How to Use Burp Suite to Audit Web Applications – Pentesting and Bug Bounty Tool Overview

As a full-stack developer who has transitioned into web application security, I‘ve come to rely heavily on Burp Suite for my day-to-day work uncovering vulnerabilities in web apps. Developed by PortSwigger Web Security, Burp Suite is a powerful and comprehensive platform that equips ethical hackers, penetration testers, and bug bounty hunters with the tools to thoroughly assess the security posture of web applications.

In this in-depth guide, we‘ll explore how to effectively utilize Burp Suite to uncover vulnerabilities, misconfigurations, and weaknesses lurking in the web apps you‘re testing. Whether you‘re a seasoned appsec pro or just starting out in the world of bounty hunting, learning to wield Burp Suite is guaranteed to level up your web hacking skills. Let‘s get started!

Overview of Burp Suite

At its core, Burp Suite functions as an intercepting proxy, allowing you to inspect, modify, and replay the HTTP/S traffic flowing between your web browser and target application servers. However, Burp goes far beyond a simple proxy, providing an extensive collection of tools for probing web apps for security flaws from all angles.

Some of the key capabilities Burp offers for web application security testing include:

• Intercepting and modifying HTTP/S traffic to manipulate data and application behavior
• Automated scanning to efficiently test for common web vulnerabilities like XSS and SQL injection
• Manual tools for sending customized requests to test for issues
• Automated attacks on login mechanisms and session handling logic
• Fuzzing tools for finding bugs in input validation and injection sanitization
• Sequencing of session tokens and other important generated values for randomness
• Visualization tools for comparing site maps, requests, and responses
• Decoder and encoding tools for working with obfuscated data
• Extensibility through a powerful API and BApp store for adding custom modules

PortSwigger estimates that Burp Suite is used by over 40,000 organizations worldwide, making it the de facto tool for many professional web app testers. Let‘s dive into how to put this powerful toolset to work.

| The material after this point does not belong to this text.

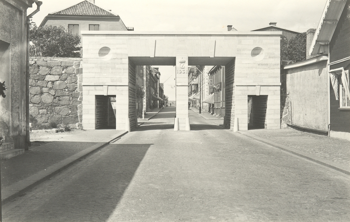 Jordbroporten vid Kaggensgatan 1931 med gamla gasverket till vänster och såkallade värmestugan till höger.

Setting Up and Configuring Burp

To get started with Burp, head over to the PortSwigger website and download the Burp Suite Community Edition JAR file. This free version has some limitations compared to Burp Suite Professional, most notably a 1 request per second throttle on key tools like Intruder and Repeater. However, it still provides more than enough features to get up to speed with the basics of web app testing.

Once you have the JAR file, run it to launch Burp. You‘ll be greeted by the main dashboard providing an overview of the available tools. But before you can start using them, you‘ll need to configure your browser to proxy traffic through Burp. While the exact steps vary by browser, the general setup goes like this:

1. In Burp, go to the Proxy tab and the Options sub-tab. Add a new proxy listener on port 8080 (the default).

2. In your web browser settings, configure it to use a manual proxy pointing to localhost on port 8080. In Firefox, this is under Options > General > Network Settings.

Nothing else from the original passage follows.